Plants that are 5-7 weeks old are most susceptible to collar rot. We often see the first cases shortly after plants are first clipped following a period of disease-favorable weather. Cool temperatures (60 to 75 ºF), high humidity, and overcast conditions, like those that have been common in Kentucky for the past week, are ideal for development of this disease. It’s also important to note that S. sclerotiorum is an efficient colonizer of dead plant matter and weakened or injured tissue, and these are usually the first to be attacked. The fungus will then move from these areas to nearby healthy plants as long as cool temperatures and high humidity prevail. This is one of the ways that secondary spread of the collar rot pathogen takes place, since S. sclerotiorum does not produce airborne spores on infected tissue.

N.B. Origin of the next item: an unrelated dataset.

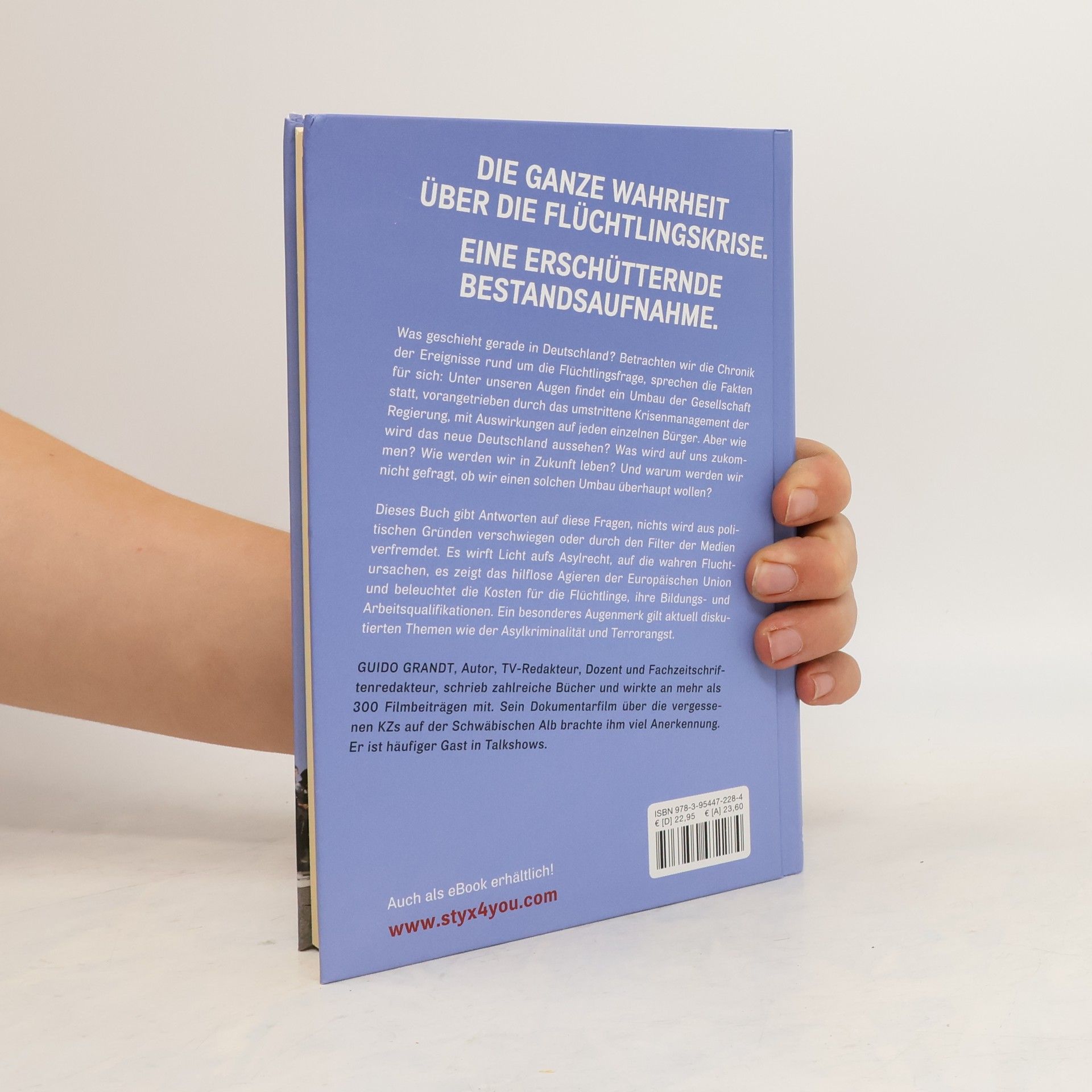 DIE GANZE WAHRHEIT ÜBER DIE FLÜCHTLINGSKRISE. EINE ERSCHÜTTERNDE BESTANDSAUFNAHME. WAS GESCHIEHT GERADE IN DEUTSCHLAND? Betrachten wir die Chronik der Ereignisse rund um die Flüchtlingsfrage, sprechen die Fakten für sich: Unter unseren Augen findet ein Umbau der Gesellschaft statt, vorangetrieben durch das umstrittene Krisenmanagement der Regierung, mit Auswirkungen auf jeden einzelnen Bürger. Aber wie wird das neue Deutschland aussehen? Was wird auf uns zukommen? Wie werden wir in Zukunft leben? Und warum werden wir nicht gefragt, ob wir einen solchen Umbau überhaupt wollen? DIESES BUCH GIBT ANTWORTEN auf diese Fragen, nichts wird aus politischen Gründen verschwiegen oder durch den Filter der Medien verfremdet. Es wirft Licht aufs Asylrecht, auf die wahren Fluchtursachen, es zeigt das hilflose Agieren der Europäischen Union und beleuchtet die Kosten für die Flüchtlinge, ihre Bildungs- und Arbeitsqualifikationen. Ein besonderes Augenmerk gilt aktuell diskutierten Themen wie der Asylkriminalität und Terrorangst. GUIDO GRANDT, Autor, TV-Redakteur, Dozent und Fachzeitschriftenredakteur, schrieb zahlreiche Bücher und wirkte an mehr als 300 Filmbeiträgen mit. Sein Dokumentarfilm über die vergessenen KZs auf der Schwäbischen Alb brachte ihm viel Anerkennung. Er ist häufiger Gast in Talkshows.

The other way in which secondary spread can occur is through dispersal of infected tissue, which happens when infected plants are clipped.

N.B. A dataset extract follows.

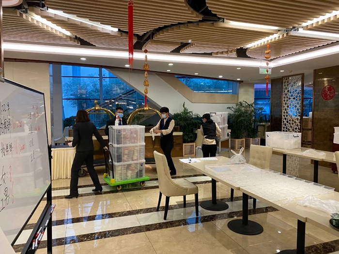 一場按照隔離服務(wù)標準進行酒店改造的大會戰(zhàn)隨即打響。從酒店區(qū)域劃分到人員分配培訓(xùn),從制定用餐標準到采購所需物資,從接待程序到后勤保障……在領(lǐng)導(dǎo)小組的直接指揮下,每一項工作逐一明確責任,每一項細分事項逐一落實到人、到物……一場涉及全酒店的系統(tǒng)改造工程就在這緊張忙碌,卻不失有序的氛圍中全面鋪開,從艷陽高照到日薄西山,從華燈初上到到夜深人靜……酒店全體員工通宵投入到改造中,華騰美居酒店迎來了一個不眠之夜。

MANAGEMENT. There are no fungicides labeled specifically for control of Sclerotinia collar rot on tobacco transplants, making this a difficult disease to manage. Sound management practices are the most important options that a grower can use to fight collar rot. Adequate ventilation and air circulation are primary concerns, since these limit the duration of leaf and stem wetness. Growers should manage temperatures to promote healthy plants and minimize injury. The latter is important because injured tissues are more susceptible to S. sclerotiorum. Fertility should be kept at around 100 ppm (N); excessive levels of N can lead to a lush, dense canopy that will take longer to dry and will be more susceptible to attack by the collar rot pathogen. Leaf clippings should not be allowed to build up in transplant trays or remain in contact with seedlings. Mow seedlings at a low engine speed with a well- sharpened blade to ensure complete removal (and capture) of leaf pieces in the least injurious way possible. Frequent clippings will reduce the amount of tissue that must be removed by the mower and will cause less plant injury. These result in less leaf material left on the surface of the transplant trays. The collar rot pathogen can overwinter on clippings and diseased plants, so these should be discarded a minimum of 100 yards from the transplant facility, or buried, to reduce the chance of spores making their way back into nearby float beds. Home gardens should not be planted near transplant facilities, and keep a weed-free zone around float beds. Over 300 species of plants, including many weeds, are hosts to S. sclerotiorum, making many weeds potential hosts for this pathogen. Δ
DR. KENNETH SEEBOLD: Extension Plant Pathologist, University of Kentucky
Figure 1. Early symptoms of collar rot include yellowing of leaf tips and flagging of older leaves.
Figure 2. Collapse of clusters of plants leaves softball- to grapefruit-sized openings in the plant canopy.
Figure 3. Stems infected by S. sclerotiorum typically are watersoaked and exhibit a dark-brown necrosis.
Figure 4. Signs of the collar rot pathogen include dense, white fungal growth and black, irregular sclerotia ranging from the size of a mustard seed to a raisin.